David Cameron has been widely praised for his role in pushing through a relatively (I’ll emphasize the word “relatively’) good EU budget deal last week. And to an extent, he should be. The prime minister is not the most adroit of negotiators, but this time (with a notable assist from Angela Merkel, still set on doing what she can to avoid riling up Britain’s euroskeptic hordes) he did very well.

But, as M. E. Syon points out in the (London) Spectator there’s a teeny catch:

The EU budget ‘victory’ cheers go on in the Commons, but the facts seem to have been lost in the Prime Minister’s ‘triumph’. What the cheering Tories can’t quite grasp is that all that came out of the European Council last week was an agreed position to make cuts in the EU’s long term budget. That’s all, an ‘agreed position’. It was not a deal. Under the Lisbon Treaty, there is no deal until the European Parliament agrees to one: and the Parliament is in no mood to agree any cuts in EU spending. And if the Council and the Parliament cannot reach an agreement? The Parliament would be delighted. EU spending would stay at the 2013 ceiling of well over a trillion euros, tens of billions above last week’s agreed position of €960 billion.

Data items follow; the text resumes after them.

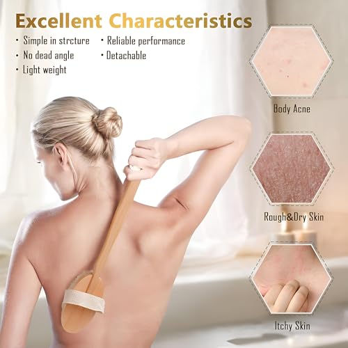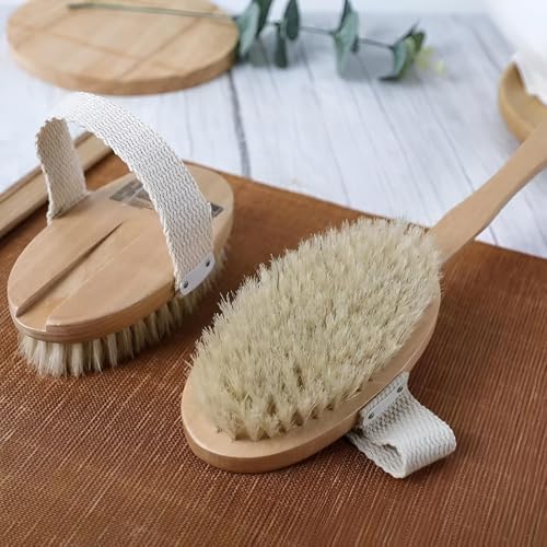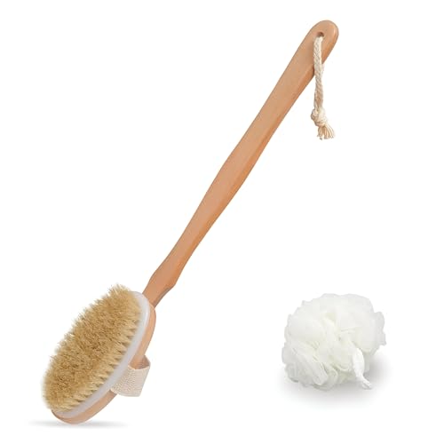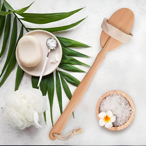 فرشاة للجسم - فرشاة لتنظيف الظهر بمقبض خشبي طويل لوقت الاستحمام أو الدش، مناسبة لتنظيف البشرة الجافة أو الرطبة، تحسن ملمس البشرة وتعزز الدورة الدموية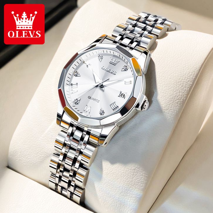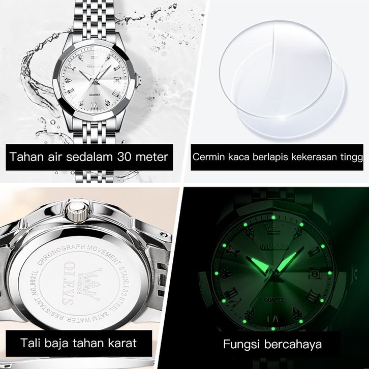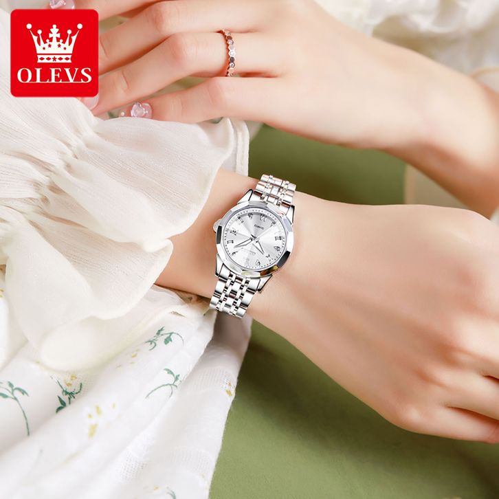OLEVS Jam Tangan Wanita Anti Air Original Cewek Kalender Bercahaya Analog Luminous Stainless Steel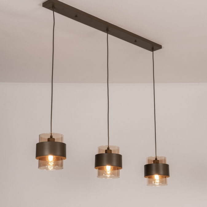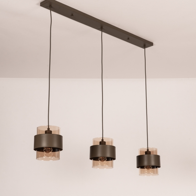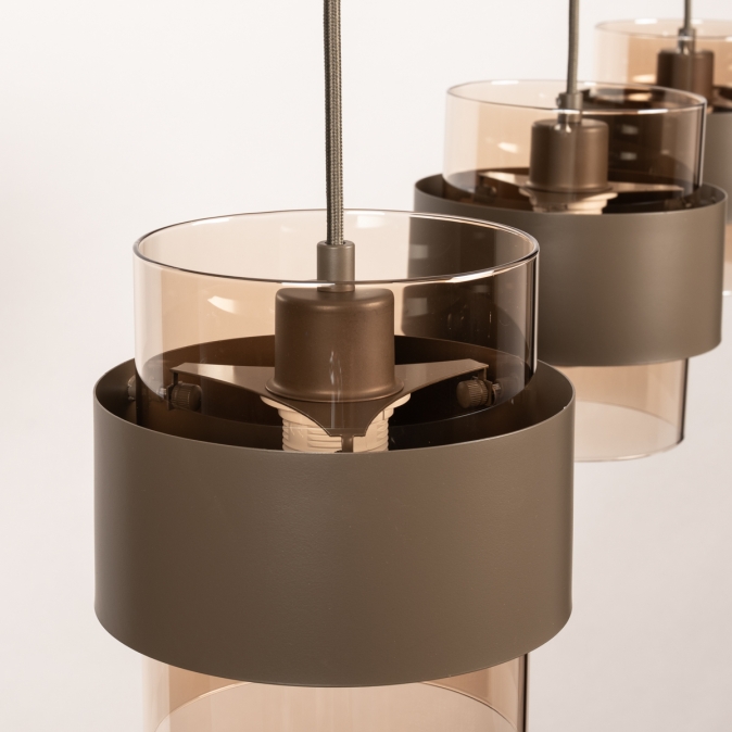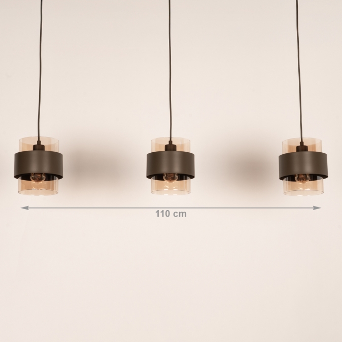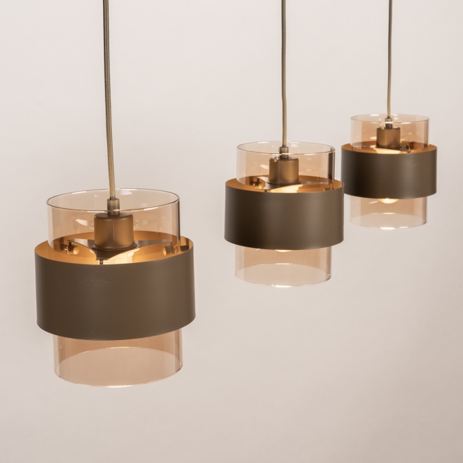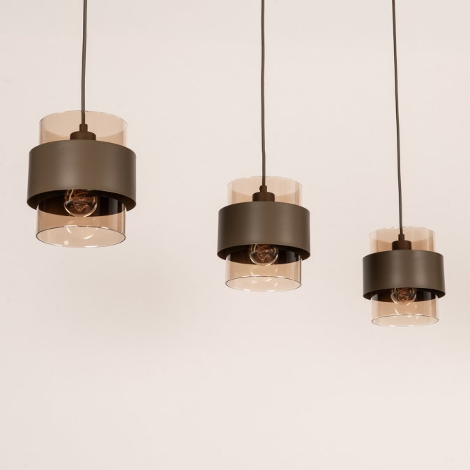 Elke kap is uitgevoerd in champagnekleurig glas, gecombineerd met bruine details. Deze hanglamp weet wat stralen is! Het licht straalt u tegemoet zodra u de lamp aanzet. Dat komt door de mooie, amberkleurige glazen van deze chique hanglamp. Amberkleurig glas heeft een geel / bruine tint maar is toch transparant en zorgt voor sfeervol licht. Over de mooie, glazen kokers is een bruine, matte ring geplaatst. De ruimte tussen de ring en de koker zorgt voor een fraai diepte effect.Voordelen bruine hanglamp van glas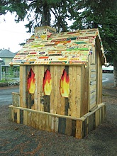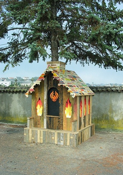 the trunk of a tree I built a house of discarded wood. The trunk raises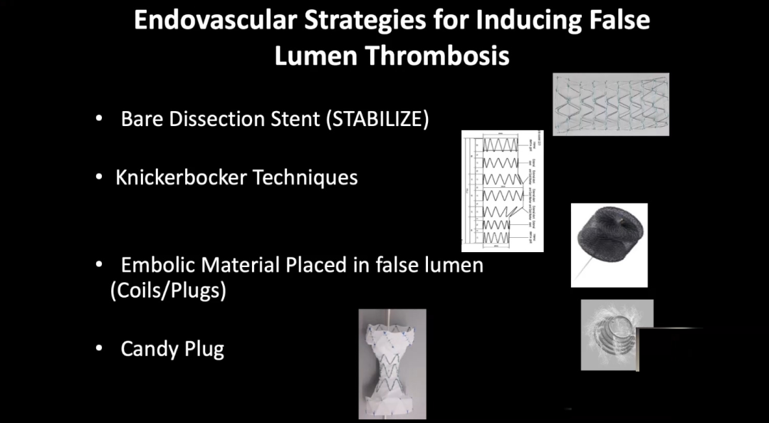 关于诱发假腔内血栓形成共有裸支架(STABILIZE)技术、Knickerbocker技术、假腔栓塞(弹簧圈与血管塞)、Candy-plug这四个技术策略可供参考,接下来我们来进行具体分析。

Martin Schulz, the German socialist who is president of the European Parliament…busy getting on with blocking the cuts, and – added personal bonus – humiliating a British Conservative. All that is needed in the parliament to overturn the agreed position is an absolute majority vote against it. The vote is planned for March, Already the four main groups in the Parliament, representing 80 percent of the votes, have come out to back Schulz. To make sure the vote is certain, the groups will put into play Rule 169 of the Parliament’s Rules of Procedure, allowing for a secret ballot: ‘When a request for a secret ballot is submitted by at least one fifth of the component Members of Parliament before voting begins, Parliament must hold such a vote.’ So it’s a dead cert if Schulz wants it, and he does.

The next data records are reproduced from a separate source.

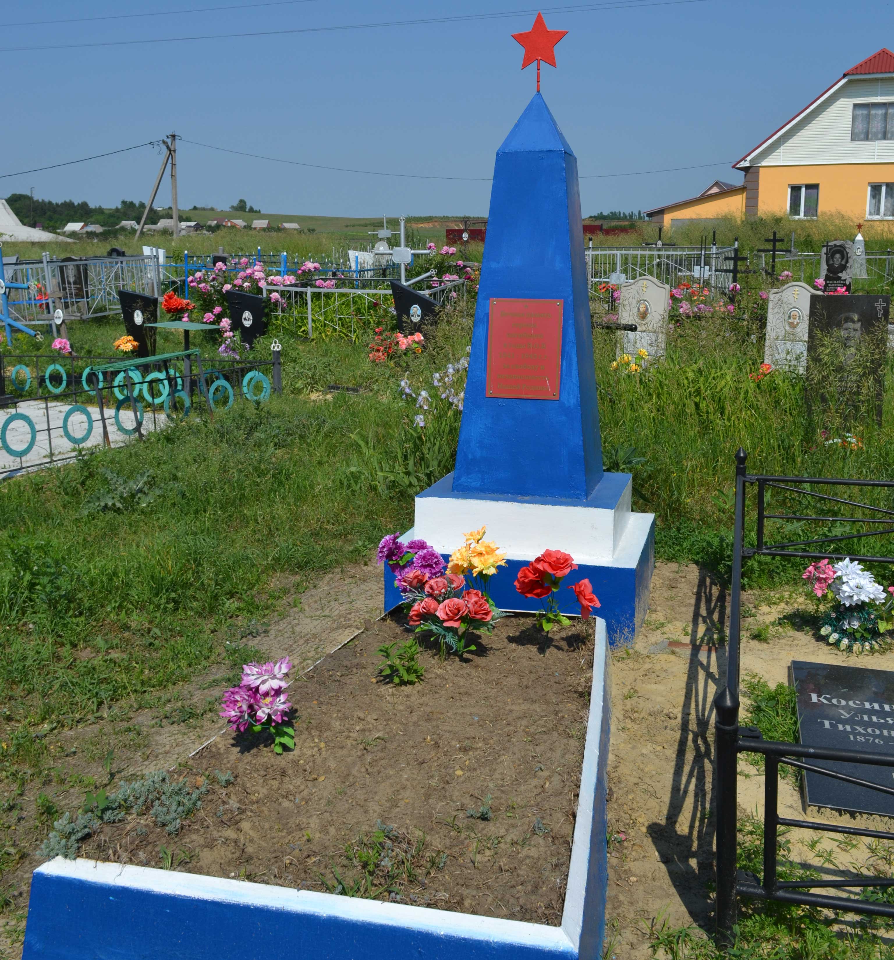 Памятник установлен на территории кладбища. Памятник железный окрашен эмалевой краской.На передней части памятника прикреплена табличка с надписью «Вечная память героям, погибшим в годы В.О.В. 1941- 1945г.г. за свободу и независимость нашей Родины».Захоронено 32 воина. Памятник местного значения, внесен в государственный Реестр объектов культурного наследия народов Российской Федерации.Охраняется государством.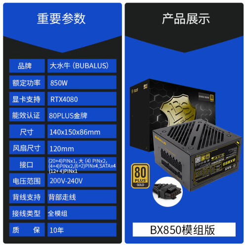 当前的位置: 首页 > 今日值得买 > 大水牛(BUBALUS)额定850W BX850金牌全模电脑电源(原生PCIe5.0/易插智能模组/双CPU+4显卡接口/单路12V/长扁线)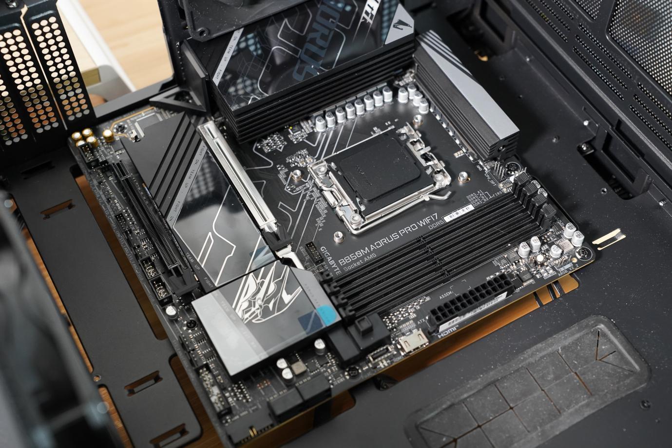 在测试前分享下装机过程,装机是容易被人忽略的部分,因为有尺寸规格等原因,会有不同的配件间相互干扰、位置重叠的困扰发生,我们看这款技嘉B850M AORUS PRO WIFI7在实际安装中的表现如何。
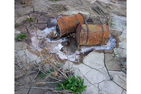 Barrels along the St. Vrain River in Longmont, Colorado. (Photo: © Tom Yulsman) I came upon on these nasty looking containers while taking photos along mudflats left behind when the St. Vrain River in Longmont, CO receded. God only knows what liquids are oozing out of them.

Pause for a moment to consider the fact that this sleazy and authoritarian parliament, the poster child for the decay of democracy in Europe, has a rulebook that contains a provision allowing its members to conceal their votes from the people they purportedly represent.

Syon:

But why in secret? To stop national parliaments threatening their MEPs over how they vote. The word at the Parliament is that the secret ballot is meant in particular to protect Polish MEPs, some of whom want a bigger EU budget but fear reprisals by Donald Tusk’s Civic Platform party. Schulz’s excuse for this kind of behaviour is: ‘We are the voice of the people.’

Except that the people have no right to be told what is being done in their name. Interesting.

Syon throws in a little additional background:

Among the other leaders in the Parliament lining up with Schulz are Daniel Cohn-Bendit, co-chairman of the Greens but more famous as Dany the Red of the Paris student riots of 1968. Also Guy Verhofstadt, former Belgian prime minister, now leader of the liberal group in the Parliament and founder member of the Spinelli group. The group is named after Altieri Spinelli (1907-1986) an Italian Leninist turned Stalinist whose goal in Europe was ‘the definitive abolition of the division of Europe into national sovereign states’.   The group today denounces countries which ‘cling to national sovereignties’.

As I say, this lot and their allies control 80 percent of the vote in the Parliament. Backing them are the Commission elite, who have already sent out a warning to Cameron that ‘the summit was only the first chapter of the story’.

To be fair, Spinelli broke with Stalinists over the Moscow trials in 1937, but that’s not the same as saying that he then rushed to embrace democracy.

He would be proud of his successors.